Marketing Day Schools to Interfaith Families


Not sure why I hadn’t thought of sharing this yet, but we wrote this article on marketing Jewish day schools to interfaith families for RAVSAK, the Jewish Community Day School Network. It will be published in their issue coming out in December, I believe. It’s specifically targeted to the boards and administrators of Jewish community day schools, so forgive the somewhat-dry language.

How to market community day schools to interfaith families
By Micah Sachs and Edmund Case

Of the estimated 500,000 children in intermarried households, only 5,400 (Kotler-Berkowitz, 2005), or barely more than 1 percent, attend Jewish day school. So clearly there is growth potential in the intermarried market.

When thinking about marketing to interfaith families, the most important thing to keep in mind is that interfaith families who are considering a Jewish day school education are probably not very different from inmarried families considering a Jewish day school. As Jennifer Rudin-Sable, the former Jewish life coordinator at the Rashi School in Boston has said, “Inter-faith and intra-faith families are much more similar than they are different and… the key to bringing them into our community is not identifying ‘who or what’ they are but rather identifying ‘where’ they are and ‘what they need’ to take the next step in their journey.” There is no magic bullet to reaching this diverse market; the best advice we can offer is to make sure your advertising and marketing materials emphasize your acceptance of the children of interfaith families.
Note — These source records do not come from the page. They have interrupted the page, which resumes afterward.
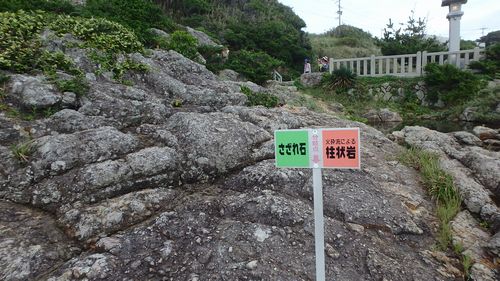 | ▼海の方から細島灯台を撮りました | ▼高さが日本一の柱状岩は溶岩が冷えて固まったようです | |
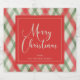 Padrão tradicional de xadrez vermelha, verde e bege pintado no Natal, etiquetas de garrafas. Recursos de design, script Feliz Natal e linha de texto modelo para seu nome.
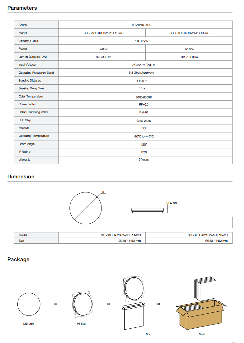 High-Efficiency Sensor Lighting Solution: Delivering ultra-high 160 lm/W efficacy with adjustable 2-6W (320-960 lm) and 2-10W (320-1600 lm) output options, this fixture features 5.8GHz microwave sensing (4-6m range) with 3000K-6000K CCT tuning and 120° beam angle. The durable PC housing offers -20°C to +45°C operation with IP20 rating, SMD 2835 LEDs, PF≥0.9 efficiency and 5-year warranty for energy-efficient indoor lighting.
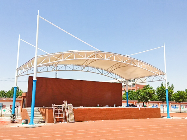 膜结构主要用于体育设施,在学校操场的体育看台或领奖台的屋顶。膜结构屋顶在大型体育场馆中也并不少见。一般的立柱形态由贝壳状的峰膜和端部张力膜组成,新颖活泼。钢架、索、膜巧妙组合,由膜、膜边索、脊索、谷索、索、杆及一定格梁稳定。膜的顶部过渡流畅,结构美观、轻巧,整体造型相互辉映,独树一帜。
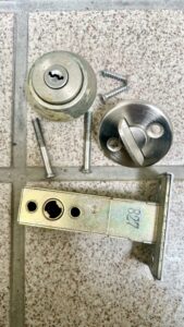 寝屋川市のお客様から「玄関の上の鍵が、回すときに反動がなく、軽すぎて不安」とのお問い合わせをいただきました。現地にて点検を行ったところ、以下の状況が確認されました。
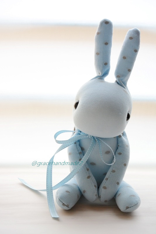 襪子娃娃429號粉藍點點兔 (2)
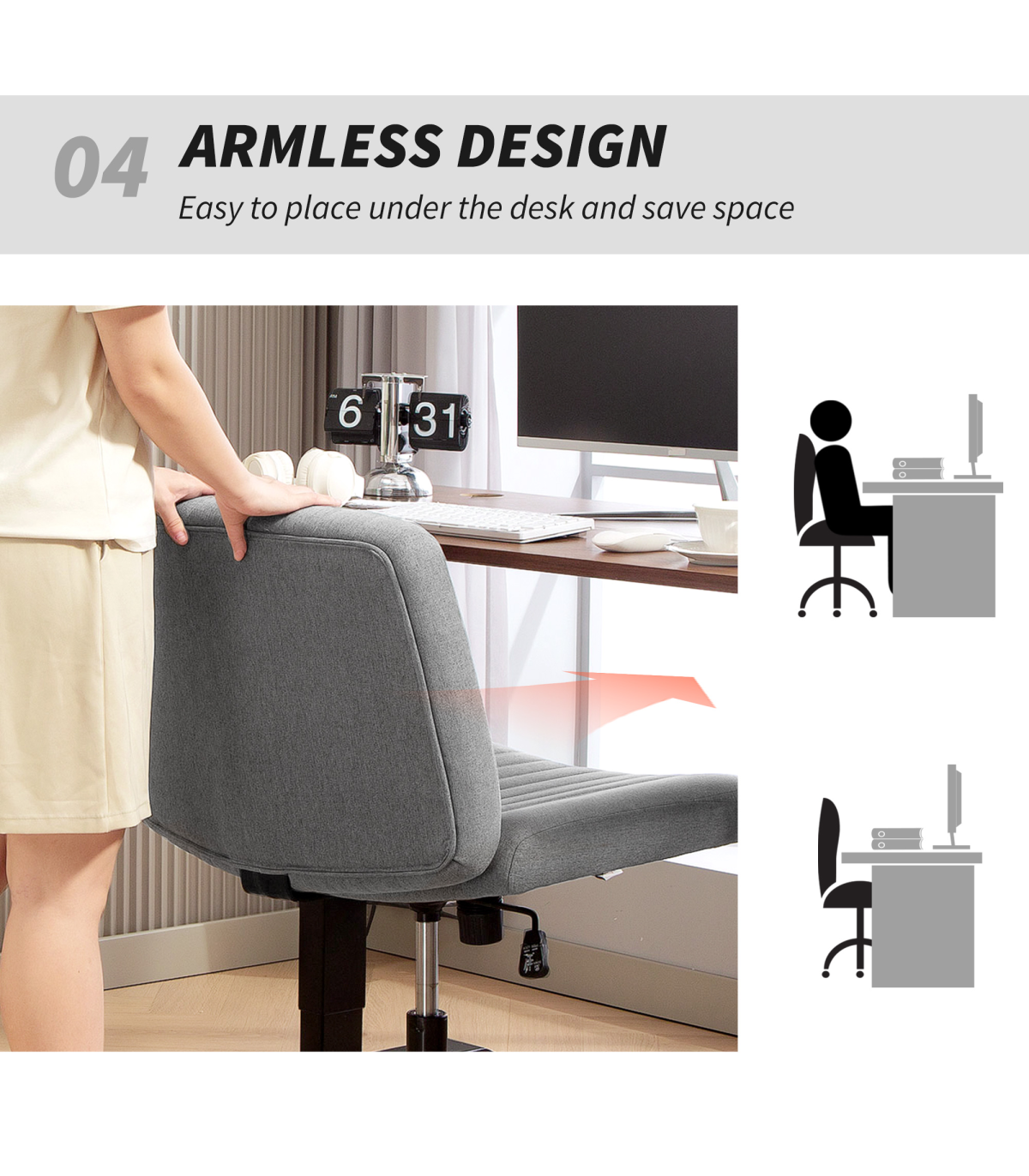 ? Sleek armless design conserves space effectively
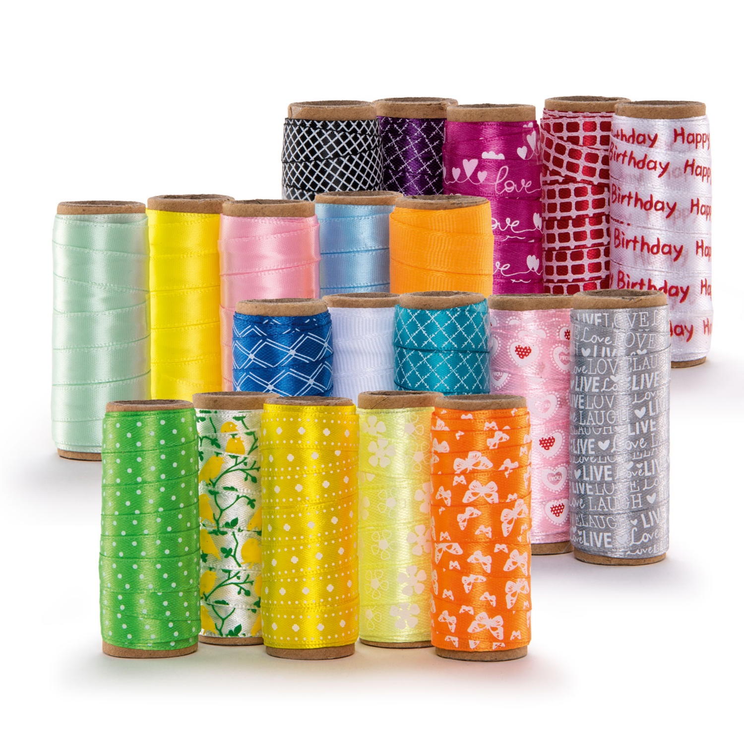 zum Verpacken, Basteln und Dekorieren, 5 Spulen à 3 m (Breite ca. 1 cm)

Just like in-married families, intermarried families considering a day school probably fall in two broad camps: those who seek out the day school primarily for its Jewish qualities, and those who seek out the day school primarily for its educational expertise. To determine what kind of interfaith family you’re dealing with, ask the same kinds of questions of them that you would ask of in-married families: What other schools are you considering? What brought you to our school? What are you looking for in a school?

If their answers to these questions—“We are considering other Jewish day schools. We want to promote our children’s Jewish identity.”—indicate that the family is already Jewishly engaged, you can treat them as you would any Jewishly engaged in-married family. Indeed, it’s possible they may be even more interested in insulating their children from the pressures of the media-saturated, secular, presumptively Christian American culture.

If, however, answers to these questions indicate that the family is considering a Jewish day school for reasons other than its Jewish focus, then your pitch should be similar to your pitch to in-married families who are primarily looking for a good education, with a few modifications.

These interfaith families, much like their in-married counterparts, may be worried that a Jewish day school is “too Jewish.” For these families, emphasize the diversity of your community. Tell them how many Russian, Israeli and Sephardic families there are, and explain to them the diversity of Jewish religious observance of students at the school. Discuss the atmosphere of tolerance at your school.

Also, much the same way that Jesuits market the universality of their educational approach to people of all religions, emphasize the universal application of a Jewish education: how it encourages right action and kind and truthful speech, how it promotes social justice, how it focuses on spirituality and God. Contra Costa Day School in Lafayette, California provides a good model: “In our published materials, at back-to-school nights, and during school tours it helps to frame Jewish values, when possible, in a universal light,” says Dean Goldfein, the head of school.

At the same time, intermarried parents, just like their in-married counterparts, want to be told upfront everything they and their children should expect from an education at your school. Some key policies to address with prospective interfaith families include:

1) The school’s policy on accepting—or not accepting—the children of Jewish fathers and non-Jewish mothers as Jewish.

If your school only accepts matrilineal descent, you are significantly reducing the potential market of interfaith families. However, even if you do accept the children of non-Jewish mothers as Jewish, you should make prospective interfaith families aware if a significant segment of your population is traditional. Advise parents to make their children aware of the debate over descent. Train your teachers to be sensitive to this issue.

2) The school’s policy on promoting in-dating and discouraging interfaith dating.

Many parents choose day schools because they feel it provides a very good opportunity for their child to socialize with and date fellow Jews. Inform prospective interfaith parents if this is part of your school’s agenda.

3) The school’s policy on allowing students to bring non-Jewish dates to events like the prom.

This has been one of the trickier and more controversial issues for Jewish day schools. Whatever your policy, articulate it clearly to prospective interfaith parents before their children enroll.

With their focus on pluralism, tolerance and quality education, community day schools are well-placed to meet the needs of interfaith families. With a little extra sensitivity and a little bit of preparation—for teachers, students, parents and administrators—you can attract, and retain, interfaith families as supportive members of your school community.